The honest answer is that your first miniature probably won't be your best — but it doesn't need to be. Painting Warhammer models is a skill you build gradually, and most people are genuinely surprised by how quickly results improve with a few basic techniques under your belt. This guide covers everything a beginner needs to get started.
What You'll Need Before You Start
Before touching paint, you need a few essentials. You don't need to spend a fortune — the basics will carry you through dozens of miniatures.
Paints: Citadel (Games Workshop's own range) is the obvious choice because it's designed specifically for miniatures, with base paints, layer paints, shades, and drybrushing formulas all clearly labelled. Vallejo and AK Interactive are excellent alternatives and slightly better value per pot. A starter set covering black, white, a couple of colours relevant to your army, a brown or black shade, and a metallic is enough to get going.
Brushes: You need three: a size 1 or 2 for base coating, a small detail brush (size 0 or 00) for fine work, and a larger brush or sponge for drybrushing. Don't buy cheap brushes — they shed bristles at the worst moments. Synthetic brushes from Army Painter or Citadel are good starting points.
Primer: This is non-negotiable. Paint won't stick properly to bare plastic or resin without primer. Spray cans are the fastest method. Black primer is the standard choice — it fills recesses and makes colours pop. White or grey primer suits brighter colour schemes.
A palette: A wet palette keeps model paints workable for longer and lets you thin them properly. A dedicated wet palette is worth buying once you're past your first few models, but a ceramic tile or even a piece of baking paper on a damp sponge works just as well initially.
Browse our full range of acrylic paints for miniatures to stock up on everything you need for your first session.
Step 1: Prepare Your Miniature
Before priming, clean the model. Plastic miniatures come with mould lines — thin ridges left by the manufacturing process — running across surfaces. Scrape these away gently with a hobby knife or the back of a nail file.
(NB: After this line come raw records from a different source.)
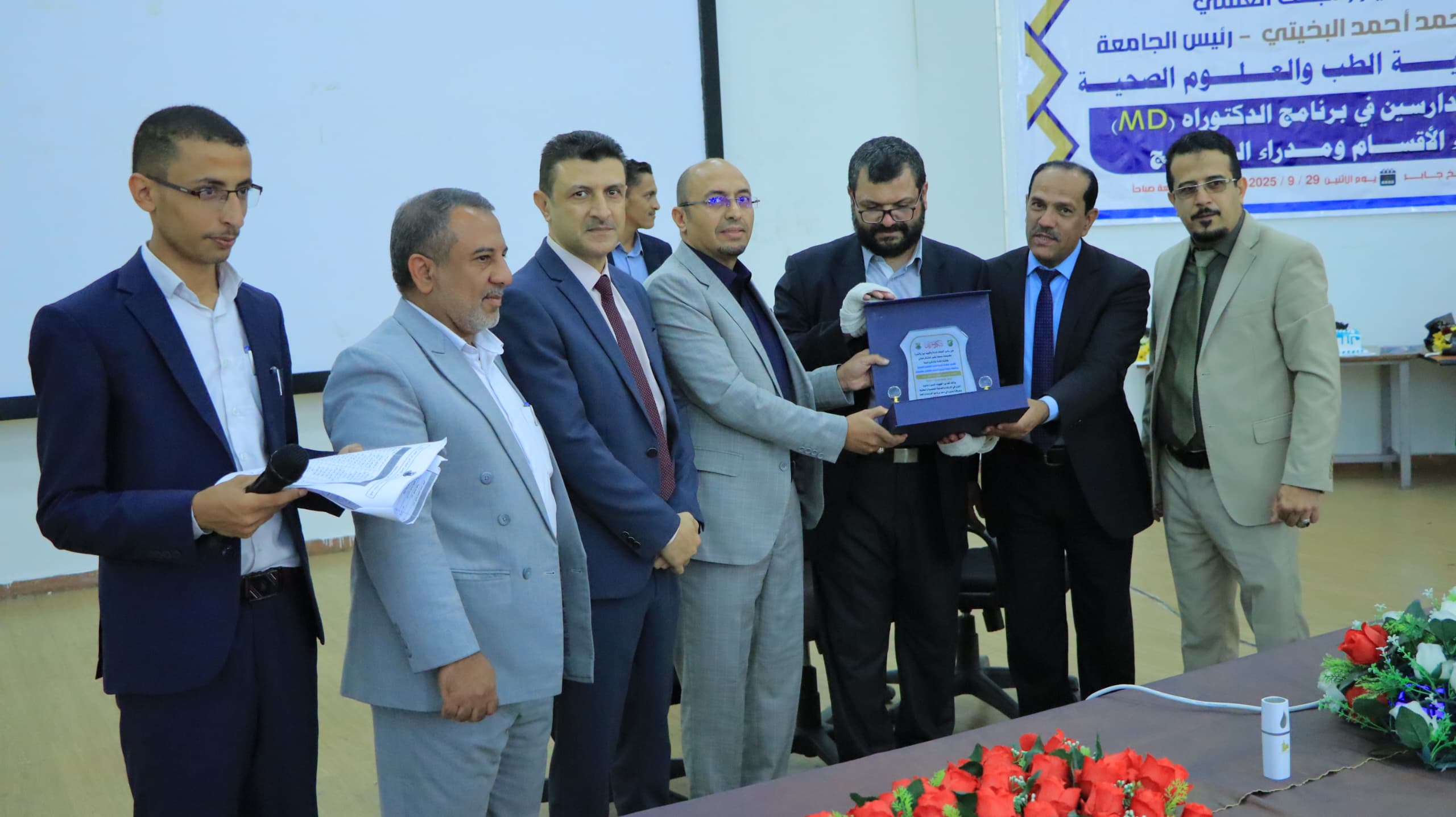 وفي كلمته بالمناسبة، أشار رئيس الجامعة الأستاذ الدكتور/ محمد أحمد البخيتي إلى الجهود الكبيرة التي تبذلها الكلية وكوادرها الأكاديمية والإدارية في تقديم تعليم طبي متميز، مؤكدًا حرص الجامعة على دعم برامج الدراسات العليا النوعية، وضرورة أن يسعى الدارسون لمضاعفة جهودهم العلمية والبحثية بما يرفع مستوى جودة التعليم الطبي ويواكب احتياجات المجتمع وسوق العمل. وأضاف الدكتور البخيتي أن الجامعة تركز على تأهيل أطباء وباحثين قادرين على الابتكار والمساهمة في تطوير المنظومة الصحية، وتشجيع البحث العلمي التطبيقي الذي يخدم المجتمع، مؤكدًا أن مخرجات البرنامج ستسهم في تعزيز مكانة الجامعة محليًا وإقليميًا.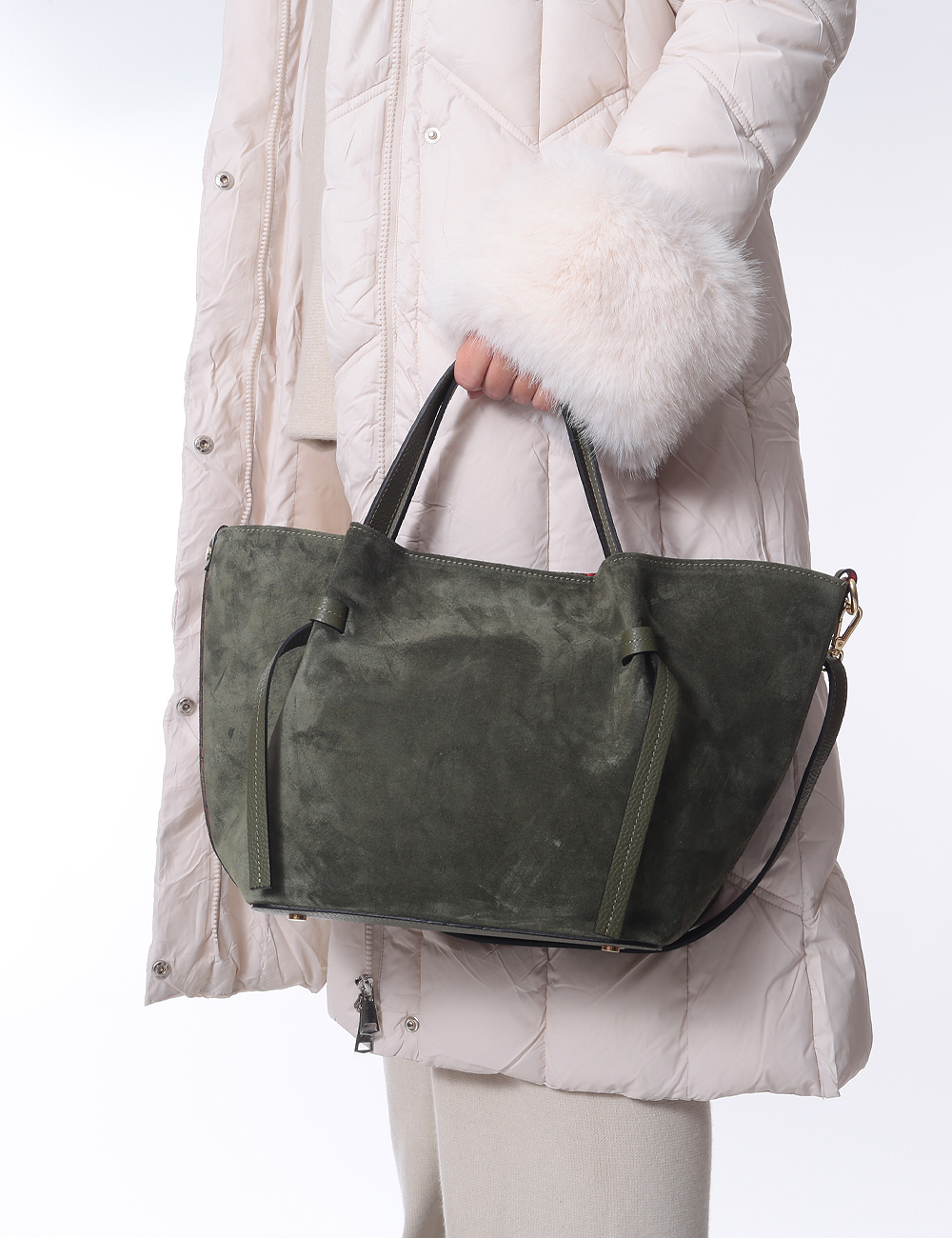 A spacious leather tote with a soft suede finish, long structured handles and a clean silhouette. Designed to hold everything you need without losing its shape. Wear it on the shoulder or crossbody using the detachable strap.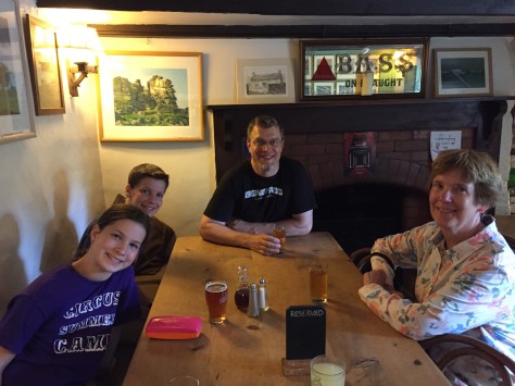 We capped off our day and our trip with another festival – this one located in the village of Denbury and called “Glas-Denbury” after the larger and more famous music shindig in Glastonbury. The festival featured a nice slice of vintage and local charm, including an imaginarium, flea circus, mechanical bull, and flame jugglers. It also had mouthwatering food, stalls with crafts, and four music tents going at once. Alex and his kids were wonderful hosts to our whole family. A fitting ending to our memorable fortnight in England!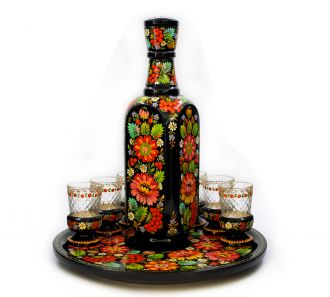 Набор для спиртных напитков "Панський". Ручная работа. Петриковская роспись

It takes a few extra minutes but makes a noticeable difference to the finished result.
Remove your model from any sprue it came on, clean up the attachment points, and assemble as much as makes sense before painting. For complex models, it sometimes helps to paint certain parts — heads, arms, interior areas — before final assembly so you can reach everything.
Step 2: Prime
Shake the primer can for a full two minutes, hold it 20–25cm from the model, and apply thin, even coats. Work in passes rather than staying in one spot. Two light coats are better than one heavy one — thick primer obscures surface detail.
Let it dry completely. Rushing this step and painting into tacky primer ruins the texture. Give it at least 30 minutes; an hour is safer.
Step 3: Base Coat
The base coat is your foundation colour — the main colours that define what each part of the miniature looks like. Use a medium-sized brush and work section by section: armour first, then skin, cloth, leather, metal.
Thin your paints slightly. Acrylic paints straight from the pot are often too thick for miniatures. Add a small amount of water (or dedicated acrylic medium) to get a consistency a little thinner than single cream — it should flow smoothly without pooling. Two thin coats of base colour cover better than one thick one, and they don't obscure the fine details the sculptor worked hard to include.
Don't worry about being perfect here. You'll go back and tidy edges later.
Step 4: Apply a Shade (Wash)
This is the step that makes the biggest instant difference to a beginner's model. Shade paints — Citadel's Nuln Oil (for dark areas) and Agrax Earthshade (for warm brown tones) are the two workhorses — are thin, ink-like washes that flow into recesses and create natural shadows without any artistic skill required.
Apply shade generously over the base coat, letting it flow into all the gaps and crevices. Stand the model on paper and let it dry without touching it. When it dries, your model will have depth and definition that would otherwise take years of skill to achieve manually.
Avoid brushing shade onto flat surfaces you want to stay clean — it'll pool and create tide marks. If this happens, wipe it back quickly while it's still wet.
Step 5: Layer (Highlight)
Once the shade is fully dry, you'll notice the model looks slightly darker and more unified. Now you bring back the mid-tones and highlights by re-applying your base coat colour carefully to the raised surfaces only — the tops of shoulder pads, the peaks of muscles, the crest of a helmet.
Use a small brush and try to leave the recesses shaded. This is where patience pays off. You don't need to be perfect, but the cleaner you keep these layers, the more professional the result looks.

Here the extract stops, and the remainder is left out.